Reexamination Certificate

active

06589311

ABSTRACT:

BACKGROUND OF THE INVENTION
The present invention relates to a sputtering target comprising a refractory metal material, such as Ta and Ru, particularly for use in the manufacture of semiconductor LSIs and a method of making the sputtering target.
Conventionally, Al and Al alloys have been used as wiring materials for semiconductor LSIs. However, with the recent high integration design, minute design and high-speed design of operation of LSIs, it has been examined to use Cu which has higher electromigration (EM) resistance and higher stress migration (SM) resistance and provides low electric resistance. However, Cu readily diffuses into the SiO
2
of interlayer dielectric film and also into an Si substrate and, therefore, it is necessary to enclose Cu wiring with a diffusion barrier layer. As the barrier materials for Cu, a TaN film formed by performing reactive sputtering in an atmosphere of argon and nitrogen through the use of a Ta sputtering target and a Ta—X—N film formed by performing reactive sputtering through the use of a Ta—X alloy target are considered good. For this reason, Ta and Ta—X alloy sputtering targets for barrier metal application for semiconductor LSIs have been developed.

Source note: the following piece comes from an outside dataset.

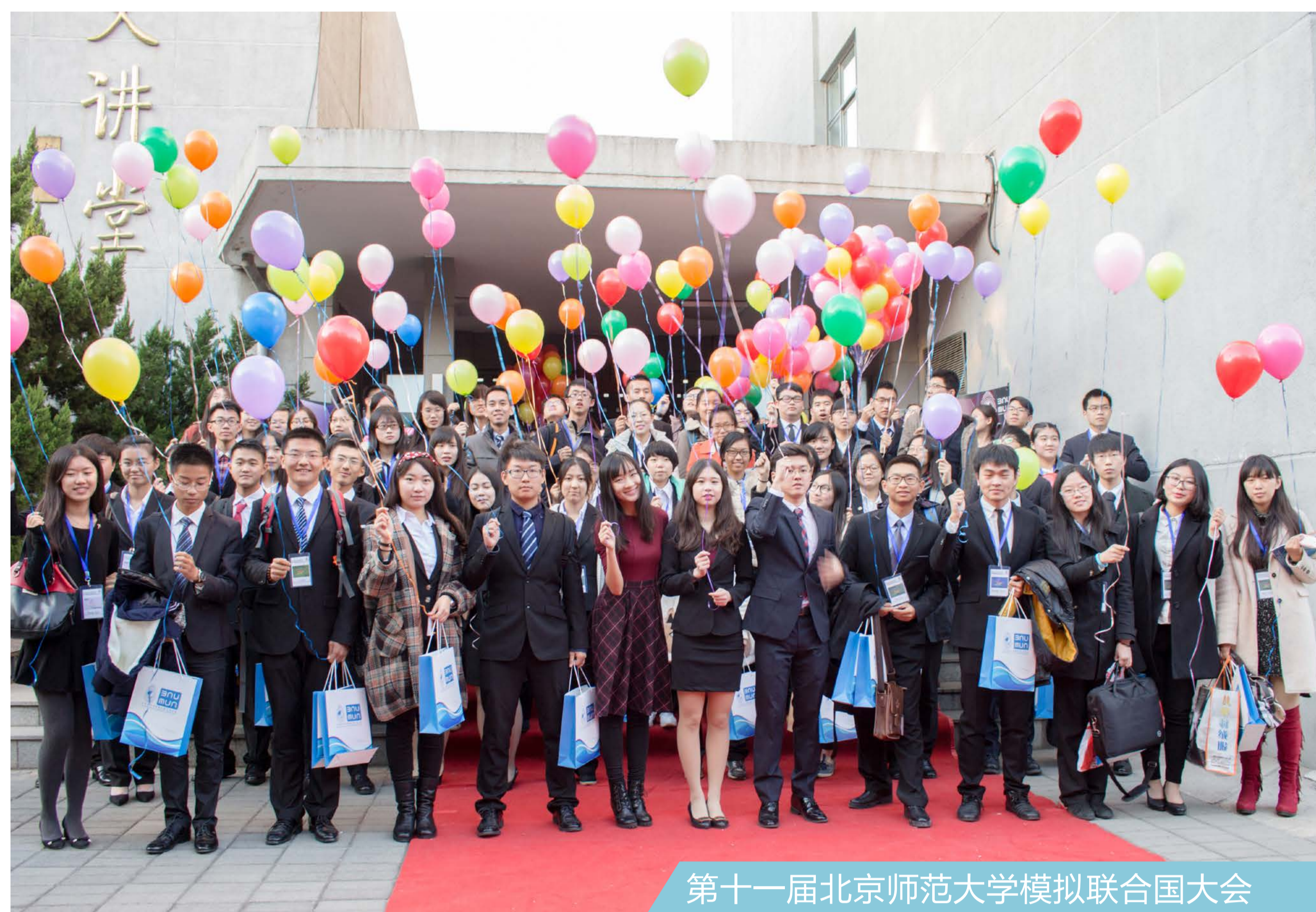
第十一届北京师范大学模拟联合国大会

On the other hand, in a DRAM and FeRAM of semiconductor memory, a Pt film formed by the sputtering of a Pt target has so far been used as a capacitor electrode. However, with further large capacity design, it is being examined to use an Ru film formed by performing the sputtering of an Ru target as a capacitor electrode.

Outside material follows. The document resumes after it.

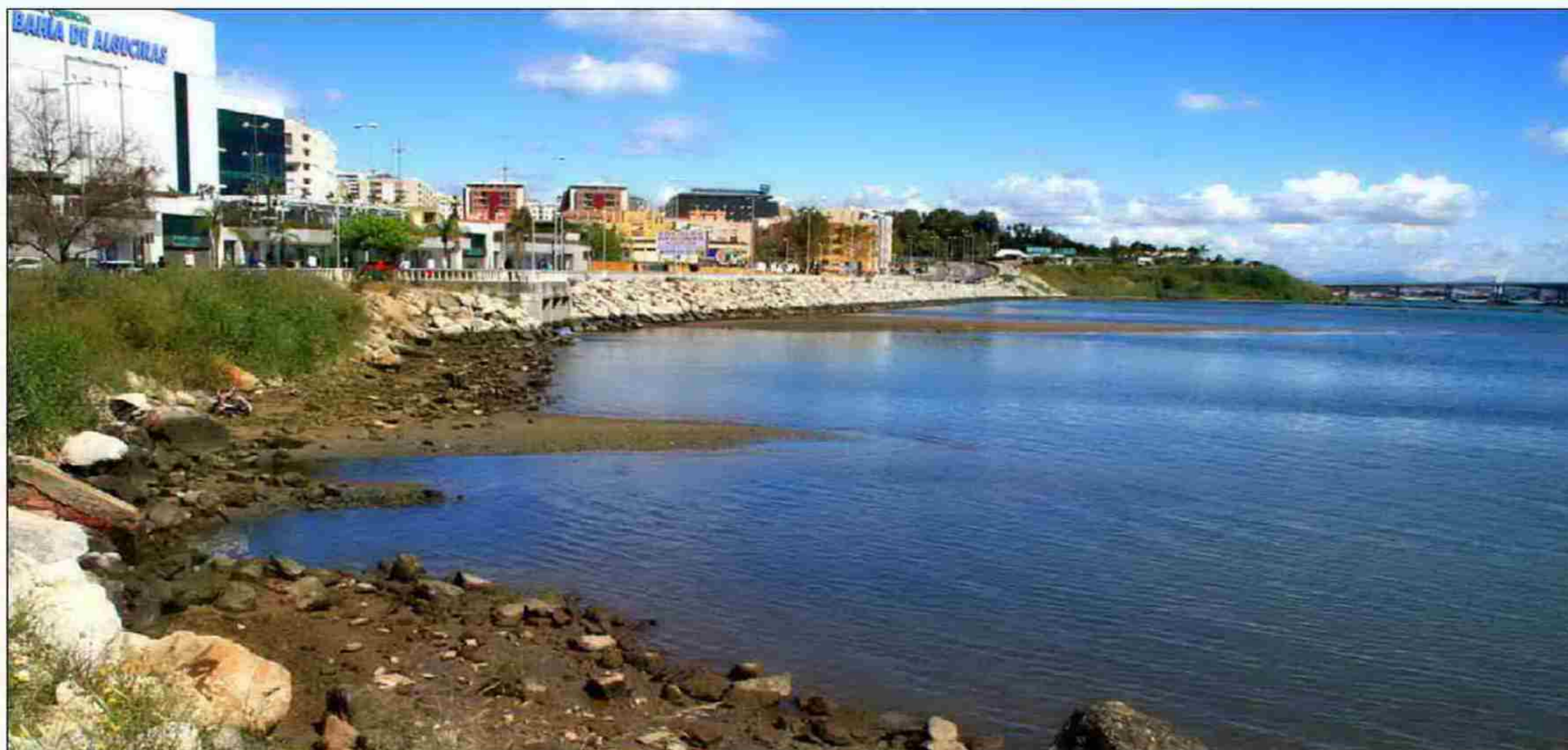
Imagen de la playa de Los Ladrillos

In the manufacture of targets of the above high-melting metals or their alloys (Ta, Ta alloys, Ru, etc.), any one of a melting-plastic working process and a powder sintering process can be selected, while the powder sintering process is most suited. Reasons for this are described below.
First, although the hot plastic working of Ta is possible, it is very difficult to make crystal grains uniform and fine. According to results of an investigation performed by the present inventors, coarsened crystal grains of a target are one of the major causes of generation of particles during sputtering. Recently, addition of a third alloying element to Ta—N has been proposed in order to improve the barrier property of a Ta—N film. Si and B are mentioned as such alloying elements and it is said that a Ta—X—N film formed by the reactive sputtering of a Ta—X target (X: alloying element such as Si and B) becomes amorphous, thereby improving the barrier property. However, a Ta—X alloy target raises a problem that plastic working is impossible due to the segregation by solidification and the formation of intermetallic compounds.

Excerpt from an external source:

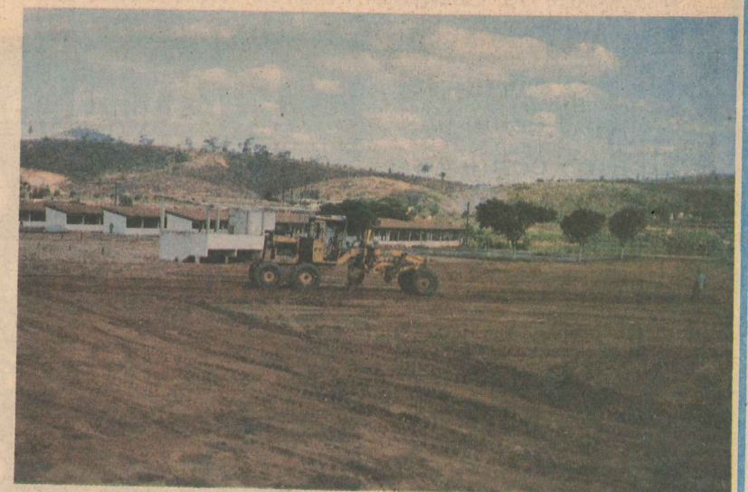
Recuperação e ampliação do Parque de Exposição

Colatina é uma cidade feliz graças um trabalho determinado e sério implantado pela administração municipal. Vale lembrar que todo esse trabalho foi possível por ter o governador Albuino Azeredo como aliado. Afinal, num "Governo Trabalhador", o "Trabalho Tudo Vence". Parabéns colatinenses.

On the other hand, in the case of Ru, manufacture by plastic working is impossible because this metal does not have plastic workability. Therefore, it can be said that the superiority of the powder sintering process, including an advantage of yield improvement in the near-net-shape manufacture of targets, is clear as a method of making high-melting metal targets of Ta, Ta—X alloys and Ru.
Incidentally, with the recent high integration design of LSIs and minute design of devices, requirements for a reduction of impurities in materials for thin films have become very severe. In particular, for transition metals (Fe, Ni, Cr, etc.) and alkali metals (Na, K, etc.) which are considered to have a great adverse effect on the performance of devices, it is required to reduce such impurities to the order of ppb, and for radioactive elements (Th, U, etc.) to the order of ppt. Furthermore, for other low-melting metal impurities also, it is required to lower their concentrations and, as a result, it is necessary to increase purity to not less than 99.999%. In addition, in order to improve the thermal stability of barrier films, the interface electric characteristic of DRAM capacitor electrode films, etc., it is also required to lower oxygen concentrations to not more than 100 ppm.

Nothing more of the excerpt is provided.